## DESCRIPTION OF THE TASK
Using the data that follows, output only the lines from the line with "Anillo Sirca plateado, regulable." up to and including the line with "Power Strip Tower", exactly, leaving pictures aside.

## RECORDS FOR PROCESSING
##############################
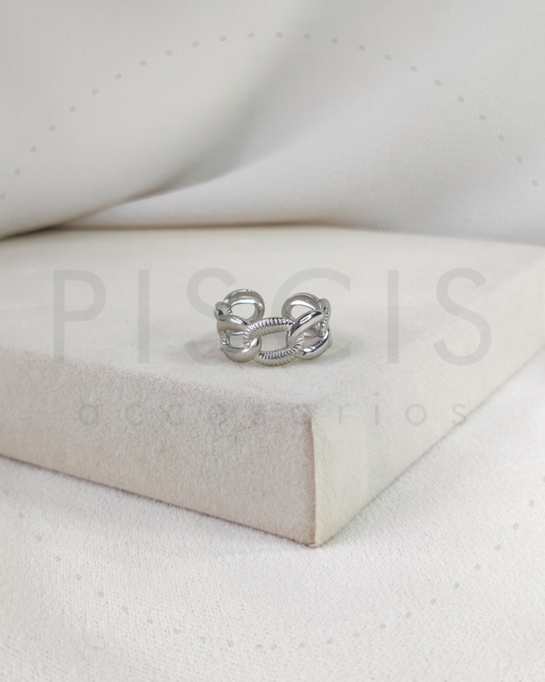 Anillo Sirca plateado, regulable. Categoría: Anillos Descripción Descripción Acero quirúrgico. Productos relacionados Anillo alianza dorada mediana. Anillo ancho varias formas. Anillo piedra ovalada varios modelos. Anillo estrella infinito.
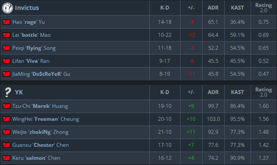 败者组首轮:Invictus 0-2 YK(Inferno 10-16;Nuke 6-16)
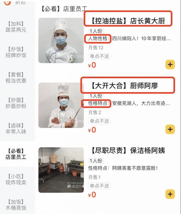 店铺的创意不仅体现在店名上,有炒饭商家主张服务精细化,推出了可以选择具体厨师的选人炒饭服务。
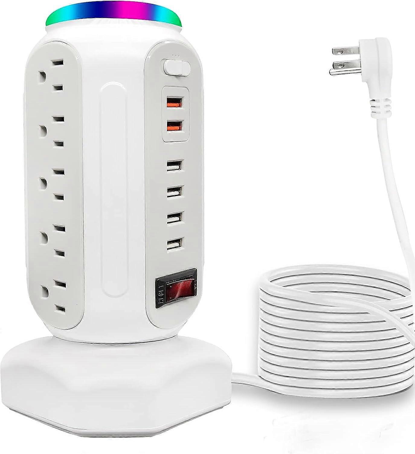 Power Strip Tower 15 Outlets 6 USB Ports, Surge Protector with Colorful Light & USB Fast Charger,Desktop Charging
##############################
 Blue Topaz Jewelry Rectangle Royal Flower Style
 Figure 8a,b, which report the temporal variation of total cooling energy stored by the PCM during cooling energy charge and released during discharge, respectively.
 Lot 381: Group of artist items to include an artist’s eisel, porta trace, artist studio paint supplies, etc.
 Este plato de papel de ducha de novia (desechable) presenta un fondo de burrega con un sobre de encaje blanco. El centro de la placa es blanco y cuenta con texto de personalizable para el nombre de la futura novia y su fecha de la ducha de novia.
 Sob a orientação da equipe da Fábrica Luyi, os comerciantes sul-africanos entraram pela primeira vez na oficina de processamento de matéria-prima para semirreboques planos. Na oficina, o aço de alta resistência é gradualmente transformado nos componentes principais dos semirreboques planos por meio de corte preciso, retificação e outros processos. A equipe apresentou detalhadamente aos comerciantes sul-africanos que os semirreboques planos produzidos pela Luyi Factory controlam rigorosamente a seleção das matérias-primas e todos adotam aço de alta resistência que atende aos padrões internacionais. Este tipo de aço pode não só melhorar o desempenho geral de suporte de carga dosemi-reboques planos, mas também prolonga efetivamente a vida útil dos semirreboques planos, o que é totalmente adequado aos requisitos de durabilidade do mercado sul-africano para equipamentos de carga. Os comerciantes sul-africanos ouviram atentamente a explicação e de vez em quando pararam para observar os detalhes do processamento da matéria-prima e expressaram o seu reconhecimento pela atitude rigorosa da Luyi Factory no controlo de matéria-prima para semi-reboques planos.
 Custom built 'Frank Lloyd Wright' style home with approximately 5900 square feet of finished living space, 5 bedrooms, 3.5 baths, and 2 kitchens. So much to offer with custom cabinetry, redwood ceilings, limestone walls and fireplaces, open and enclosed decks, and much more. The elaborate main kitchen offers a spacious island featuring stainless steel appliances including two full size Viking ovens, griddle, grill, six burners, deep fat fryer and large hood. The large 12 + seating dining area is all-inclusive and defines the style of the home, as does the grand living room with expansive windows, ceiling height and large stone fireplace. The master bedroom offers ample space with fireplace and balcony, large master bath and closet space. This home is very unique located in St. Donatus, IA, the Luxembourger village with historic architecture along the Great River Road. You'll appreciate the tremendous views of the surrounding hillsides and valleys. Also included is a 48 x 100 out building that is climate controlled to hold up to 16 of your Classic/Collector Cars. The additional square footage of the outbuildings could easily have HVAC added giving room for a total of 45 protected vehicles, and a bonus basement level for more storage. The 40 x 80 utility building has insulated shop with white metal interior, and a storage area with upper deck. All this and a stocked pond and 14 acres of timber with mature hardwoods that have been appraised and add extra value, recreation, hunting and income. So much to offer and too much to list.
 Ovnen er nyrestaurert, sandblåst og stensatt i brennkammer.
##############################
## SOLUTION TO THIS EXERCISE
 Anillo Sirca plateado, regulable. Categoría: Anillos Descripción Descripción Acero quirúrgico. Productos relacionados Anillo alianza dorada mediana. Anillo ancho varias formas. Anillo piedra ovalada varios modelos. Anillo estrella infinito.
 败者组首轮:Invictus 0-2 YK(Inferno 10-16;Nuke 6-16)
 店铺的创意不仅体现在店名上,有炒饭商家主张服务精细化,推出了可以选择具体厨师的选人炒饭服务。
 Power Strip Tower 15 Outlets 6 USB Ports, Surge Protector with Colorful Light & USB Fast Charger,Desktop Charging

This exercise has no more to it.